> [WORK ITEM] Under this line are the records; repeat exactly the lines starting at the one containing "然后往身后走,可以看到一个风方碑,触发方碑,顺着风场上去。" and ending at the one containing "На этом пляжике, пожалуй, самая", omitting pictures.

> [MATERIAL SUPPLIED]

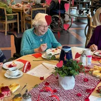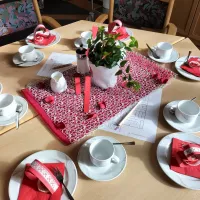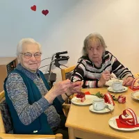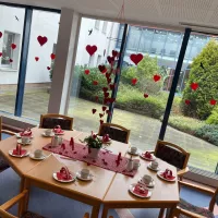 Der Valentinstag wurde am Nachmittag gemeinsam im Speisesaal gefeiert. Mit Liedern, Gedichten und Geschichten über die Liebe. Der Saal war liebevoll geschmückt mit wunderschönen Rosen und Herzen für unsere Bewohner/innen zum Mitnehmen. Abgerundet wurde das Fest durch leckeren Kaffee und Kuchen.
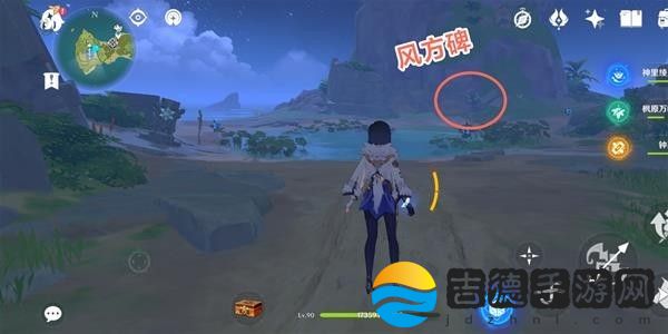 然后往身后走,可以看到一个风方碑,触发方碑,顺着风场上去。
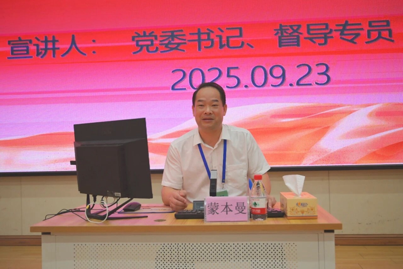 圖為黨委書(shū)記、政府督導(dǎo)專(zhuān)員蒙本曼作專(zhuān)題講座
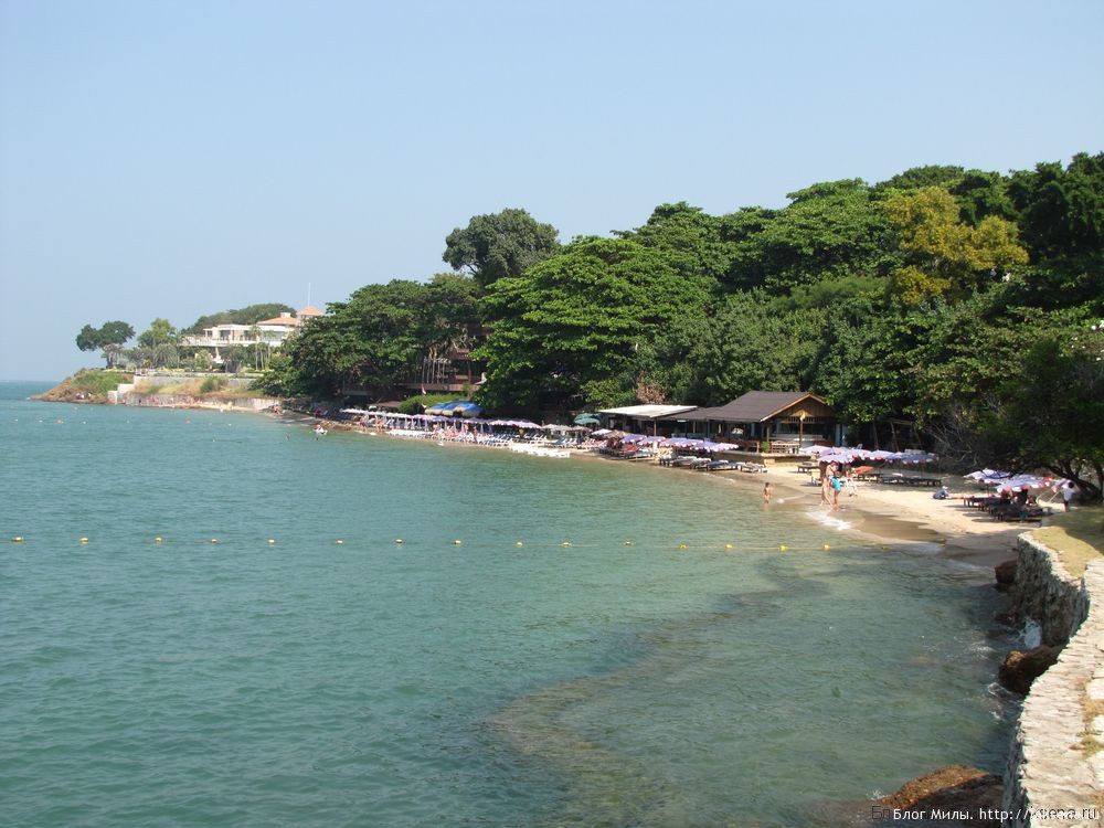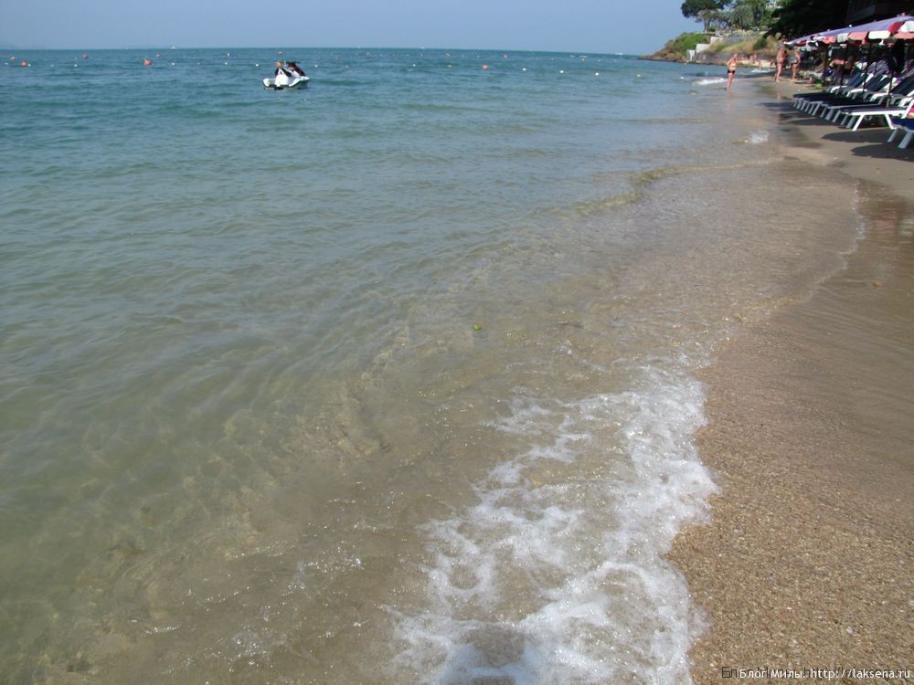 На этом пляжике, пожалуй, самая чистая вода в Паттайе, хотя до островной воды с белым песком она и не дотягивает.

--

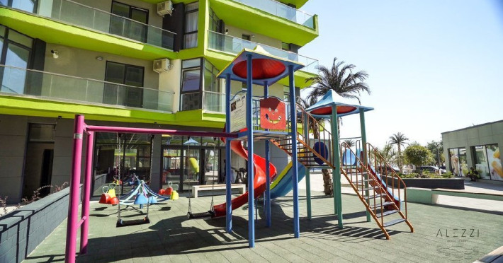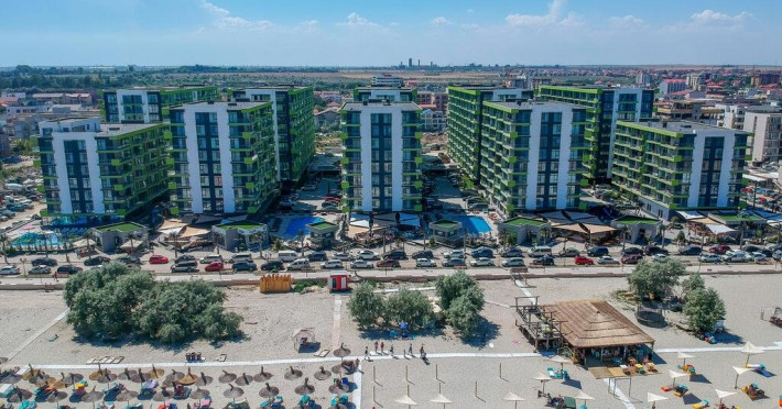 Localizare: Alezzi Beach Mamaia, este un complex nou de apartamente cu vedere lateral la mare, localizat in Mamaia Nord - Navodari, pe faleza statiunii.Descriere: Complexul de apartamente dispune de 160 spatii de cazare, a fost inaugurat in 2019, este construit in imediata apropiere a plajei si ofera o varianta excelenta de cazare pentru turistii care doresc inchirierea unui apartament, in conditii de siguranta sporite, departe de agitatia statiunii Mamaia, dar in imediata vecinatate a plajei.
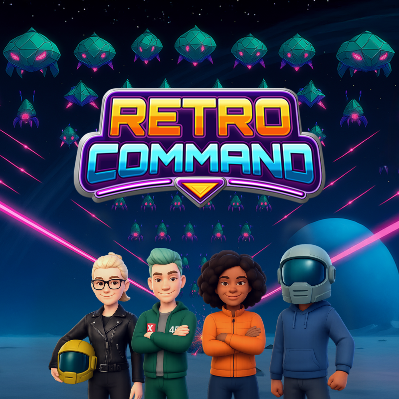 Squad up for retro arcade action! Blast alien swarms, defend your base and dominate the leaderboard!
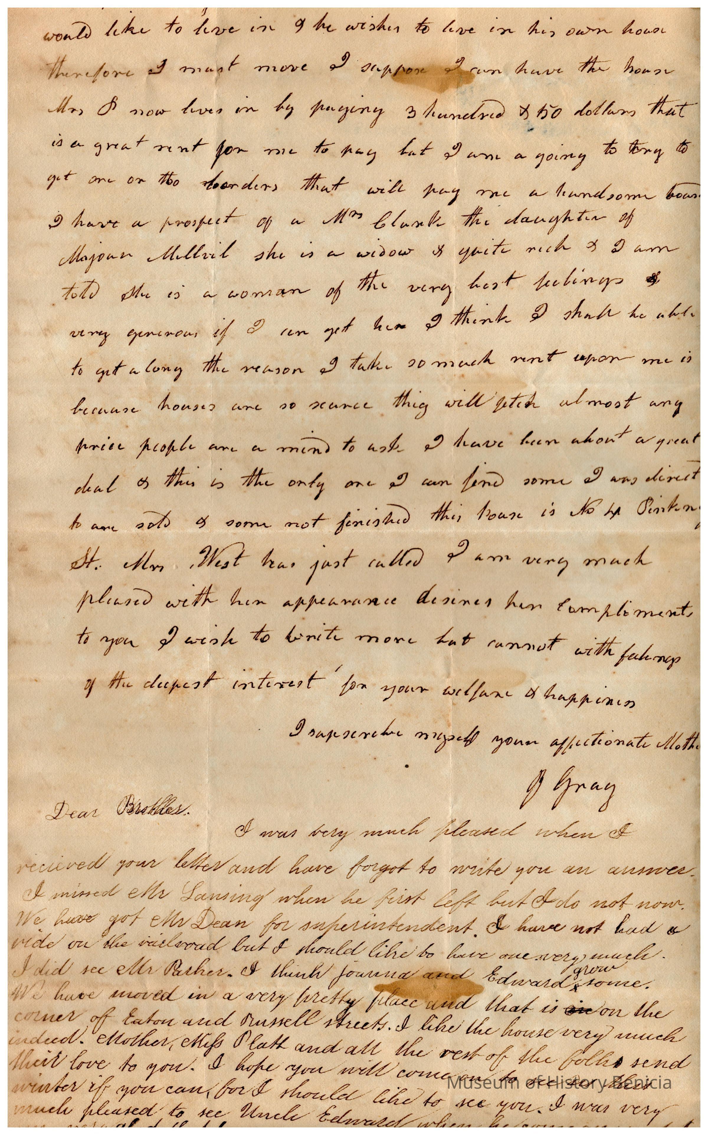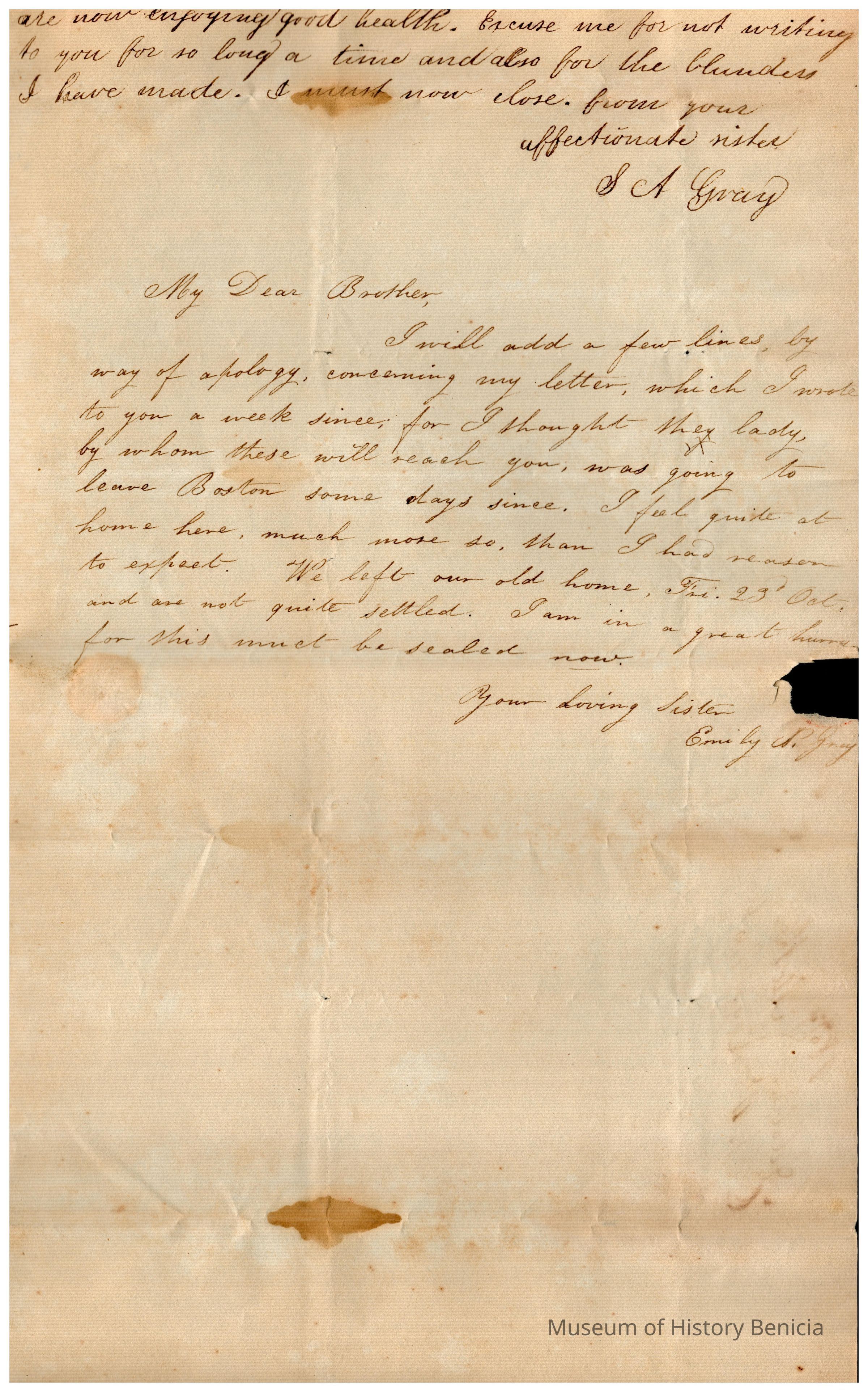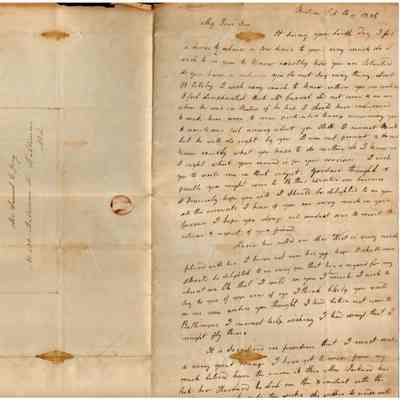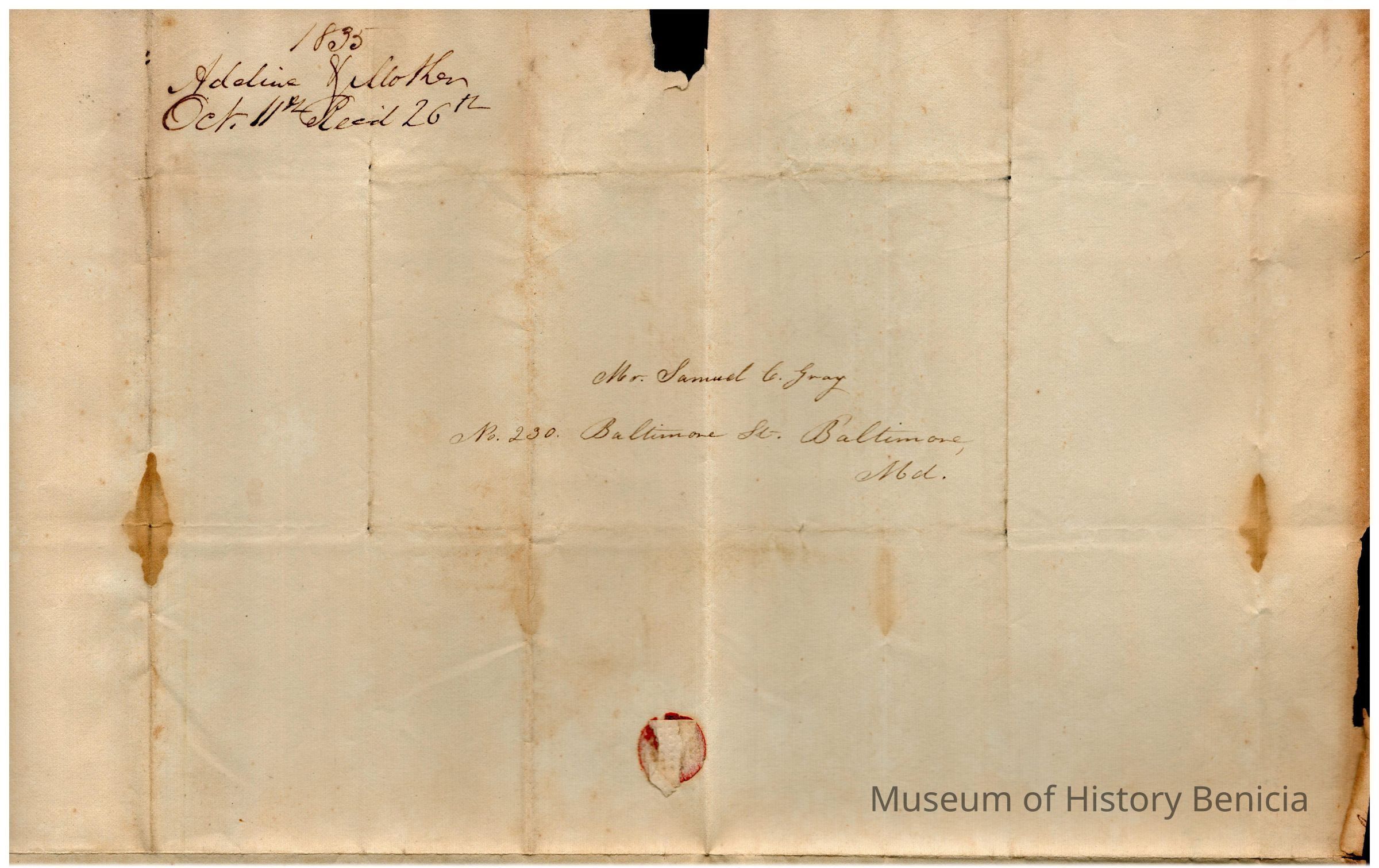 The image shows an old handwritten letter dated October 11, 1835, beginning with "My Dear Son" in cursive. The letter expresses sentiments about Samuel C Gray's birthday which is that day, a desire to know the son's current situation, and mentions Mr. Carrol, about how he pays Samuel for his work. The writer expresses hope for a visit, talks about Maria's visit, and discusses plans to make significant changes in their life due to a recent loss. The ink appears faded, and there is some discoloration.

---

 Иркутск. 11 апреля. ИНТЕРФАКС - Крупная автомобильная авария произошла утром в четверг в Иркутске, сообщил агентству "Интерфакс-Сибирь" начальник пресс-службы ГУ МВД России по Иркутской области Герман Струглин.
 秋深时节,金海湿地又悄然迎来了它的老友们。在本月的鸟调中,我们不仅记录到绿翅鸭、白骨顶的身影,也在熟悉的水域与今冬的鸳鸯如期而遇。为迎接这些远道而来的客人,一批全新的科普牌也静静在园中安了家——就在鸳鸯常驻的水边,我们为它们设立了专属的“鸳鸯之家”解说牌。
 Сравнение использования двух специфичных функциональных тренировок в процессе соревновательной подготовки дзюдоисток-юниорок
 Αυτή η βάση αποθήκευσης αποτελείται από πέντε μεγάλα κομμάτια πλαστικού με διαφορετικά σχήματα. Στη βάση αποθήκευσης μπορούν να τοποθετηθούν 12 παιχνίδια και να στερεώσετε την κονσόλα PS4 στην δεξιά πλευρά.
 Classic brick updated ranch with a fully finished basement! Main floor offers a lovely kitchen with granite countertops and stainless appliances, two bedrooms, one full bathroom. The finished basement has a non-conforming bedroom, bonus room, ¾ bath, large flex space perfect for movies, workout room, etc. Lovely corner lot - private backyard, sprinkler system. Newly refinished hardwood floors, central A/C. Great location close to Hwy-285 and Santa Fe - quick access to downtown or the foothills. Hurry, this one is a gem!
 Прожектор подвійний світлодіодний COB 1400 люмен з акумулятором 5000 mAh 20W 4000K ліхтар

> [REPLY TO THE EXERCISE]
 然后往身后走,可以看到一个风方碑,触发方碑,顺着风场上去。
 圖為黨委書(shū)記、政府督導(dǎo)專(zhuān)員蒙本曼作專(zhuān)題講座
 На этом пляжике, пожалуй, самая чистая вода в Паттайе, хотя до островной воды с белым песком она и не дотягивает.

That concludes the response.